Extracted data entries
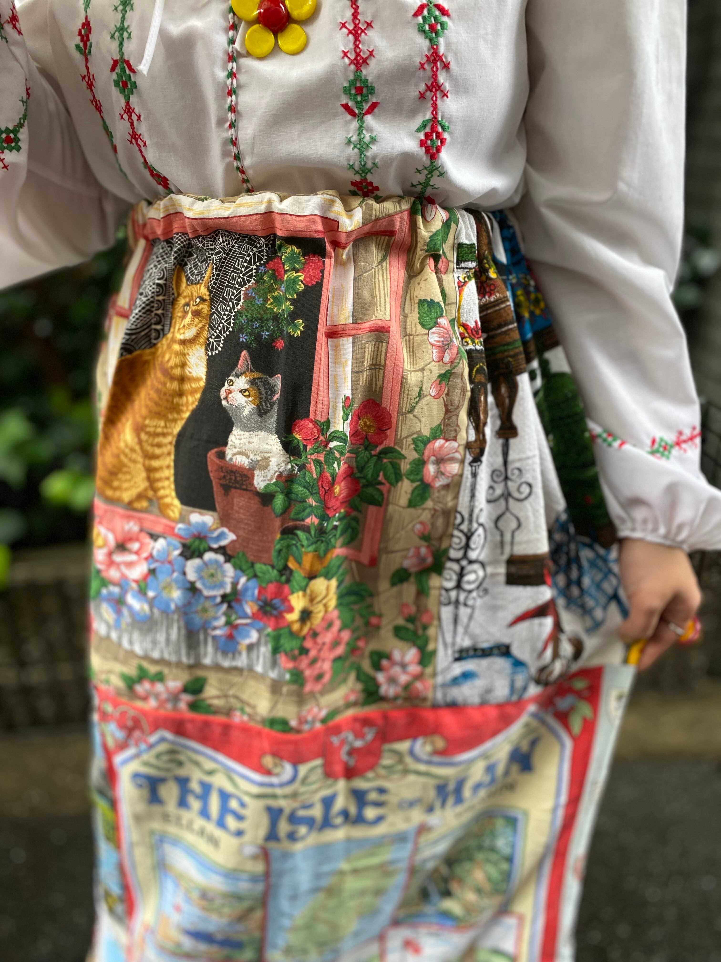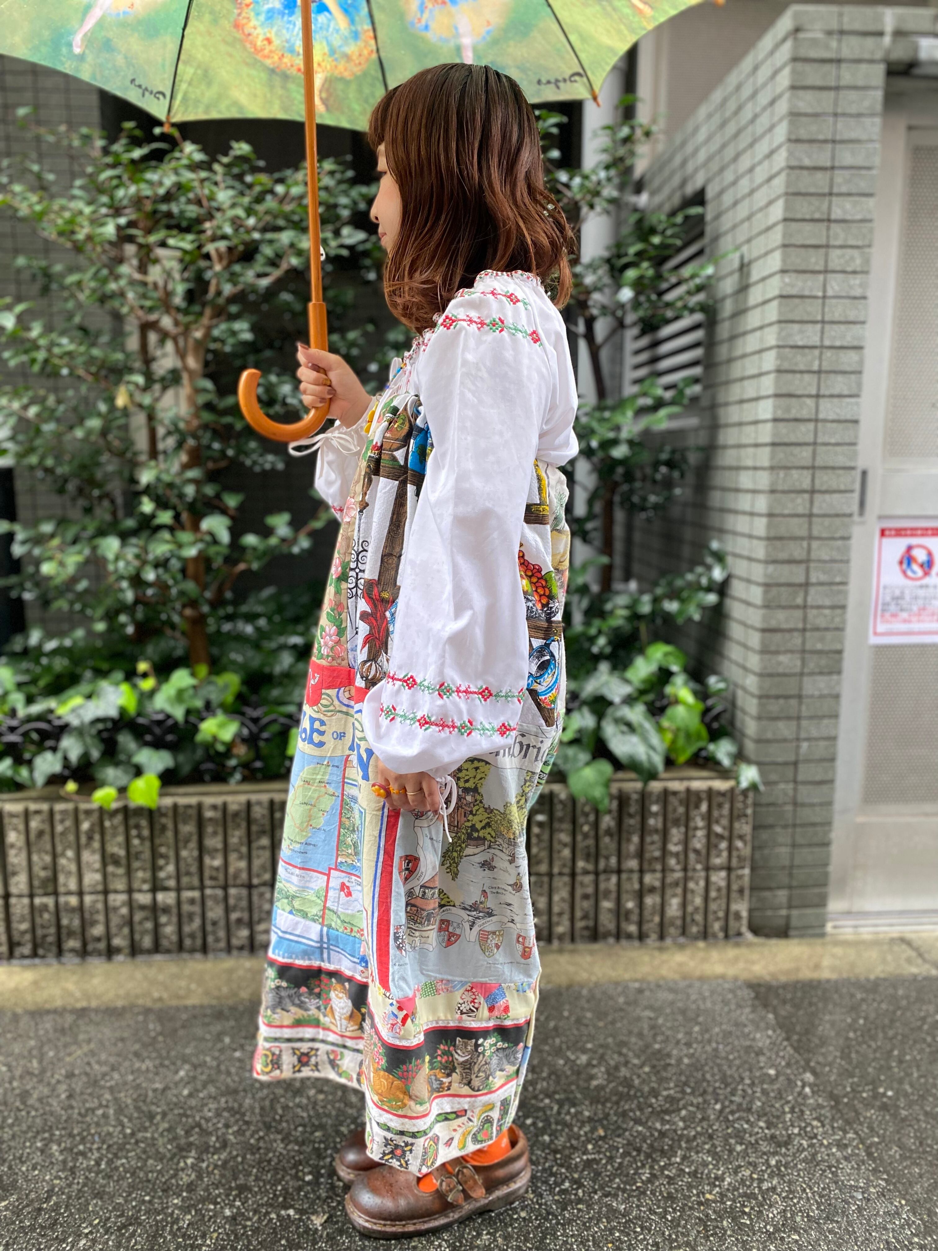 【送料無料】ヴィンテージパッチワークベアワンピース(ねこ)
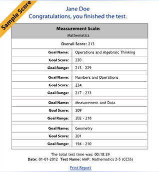 You control whether test results display on student devices when students complete their tests in the MAP system. This is a district-wide setting and is enabled by default to help involve students with their growth. If you encounter issues, however, such as students becoming overly competitive, you might disable the score display.
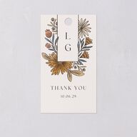 These favor gift tags feature a charming motif of wildflower illustrations, coupled with your initials. Further details appear in serif and script font on the front and back of the tags.
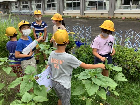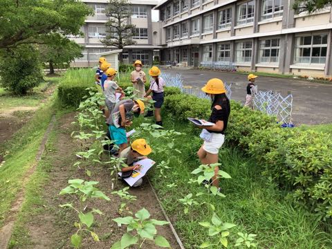 理科の授業では、それぞれの学年が観察を行いました。3年生は、ヒマワリとホウセンカを観察しました。ずいぶん大きくなったヒマワリの茎や葉をさわって、手触りを実感しました。
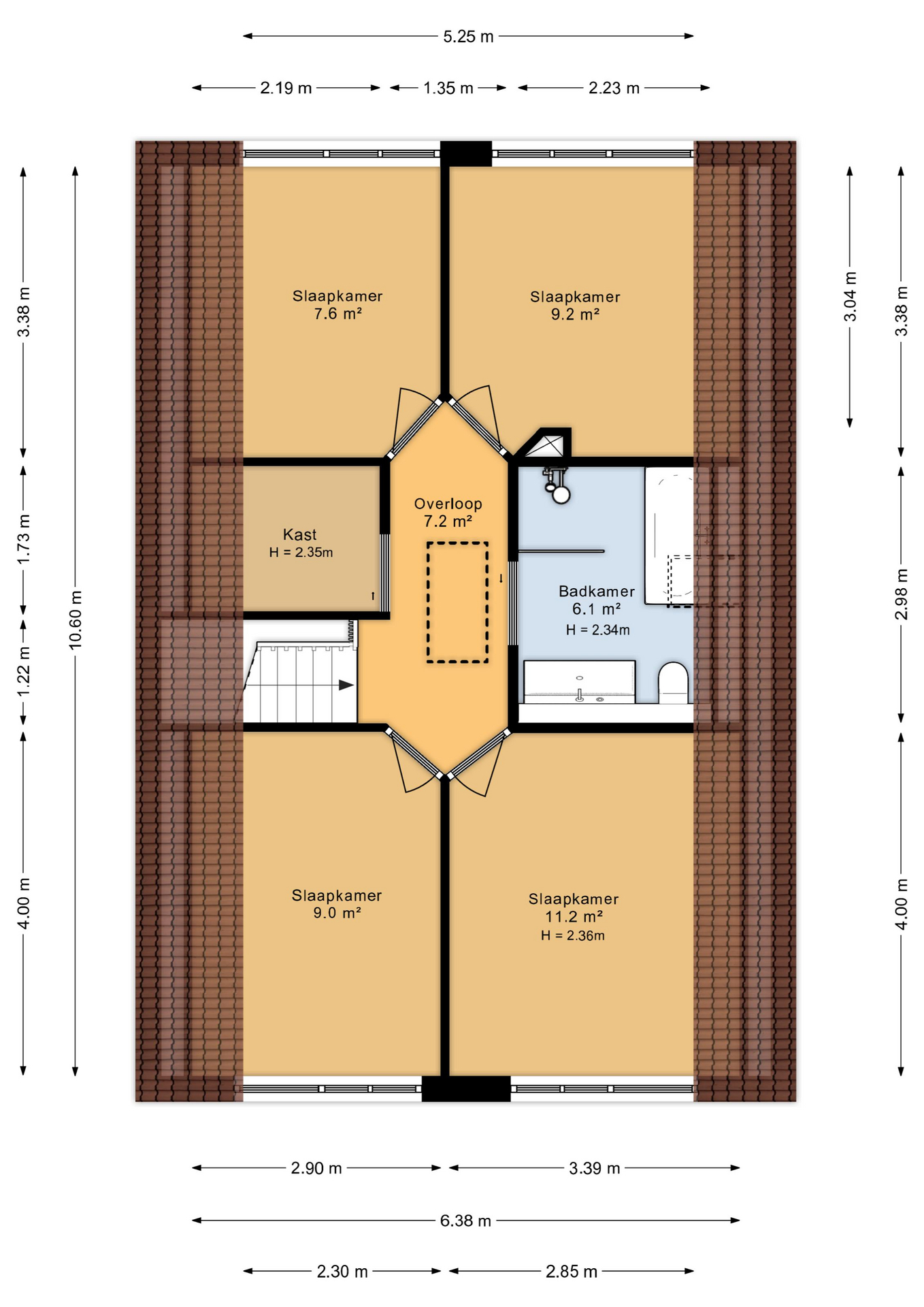 Op de eerste verdieping zijn vier ruime gelijke slaapkamers, een badkamer met een douche, ligbad, een wastafel en een toilet. Op de overloop is een inloopkast aanwezig om spullen op te bergen. Via de vlizotrap komt u op de zolderberging waar over de gehele verdieping ruimte is voor uw seizoens spullen.
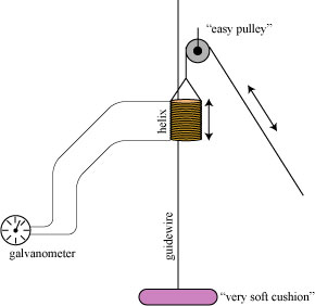 For the first experiment, Faraday twisted 350 feet of copper wire into a hollow cylindrical helix 4 inches long, with an internal diameter of 1 inch and an external diameter of 2 inches. This helix was attached to a line running along a pulley, allowing it to be raised 36 feet and dropped onto a “very soft cushion”. Long wires connected the ends of the helix to a sensitive galvanometer, placed 50 feet away and level midway with the path of the helix. This is illustrated below:
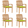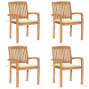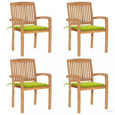 Teljes vidaXL 4 db rakásolható tömör tíkfa kerti szék párnákkal termékleírás
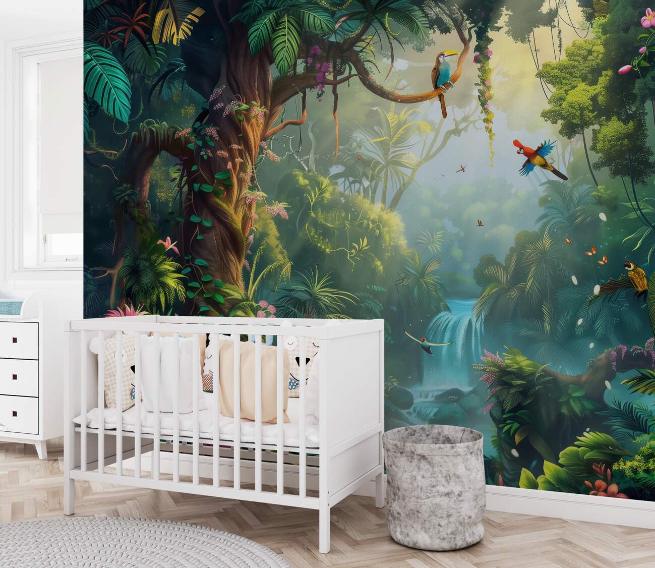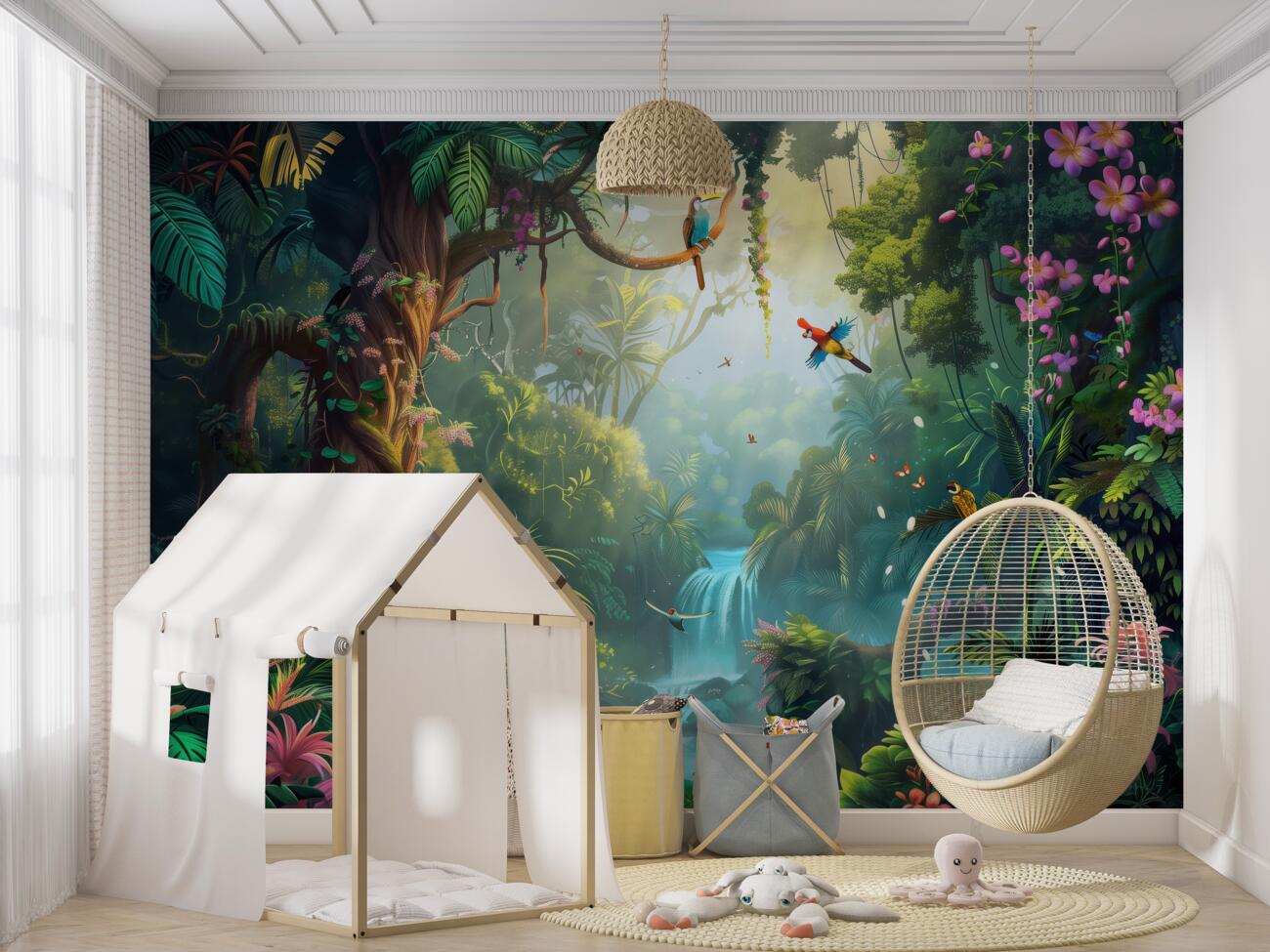 Tapeta Fototapeta Ptaki w tropikach na tle wodospadu (artykuł u14668 ) z kategorii Fototapety dla Dzieci

### The task
Begin with the line that contains "For the first" and repeat every line through the end of the data, exactly and only those lines, leaving out the pictures.

### Output of the task
 For the first experiment, Faraday twisted 350 feet of copper wire into a hollow cylindrical helix 4 inches long, with an internal diameter of 1 inch and an external diameter of 2 inches. This helix was attached to a line running along a pulley, allowing it to be raised 36 feet and dropped onto a “very soft cushion”. Long wires connected the ends of the helix to a sensitive galvanometer, placed 50 feet away and level midway with the path of the helix. This is illustrated below:
 Teljes vidaXL 4 db rakásolható tömör tíkfa kerti szék párnákkal termékleírás
 Tapeta Fototapeta Ptaki w tropikach na tle wodospadu (artykuł u14668 ) z kategorii Fototapety dla Dzieci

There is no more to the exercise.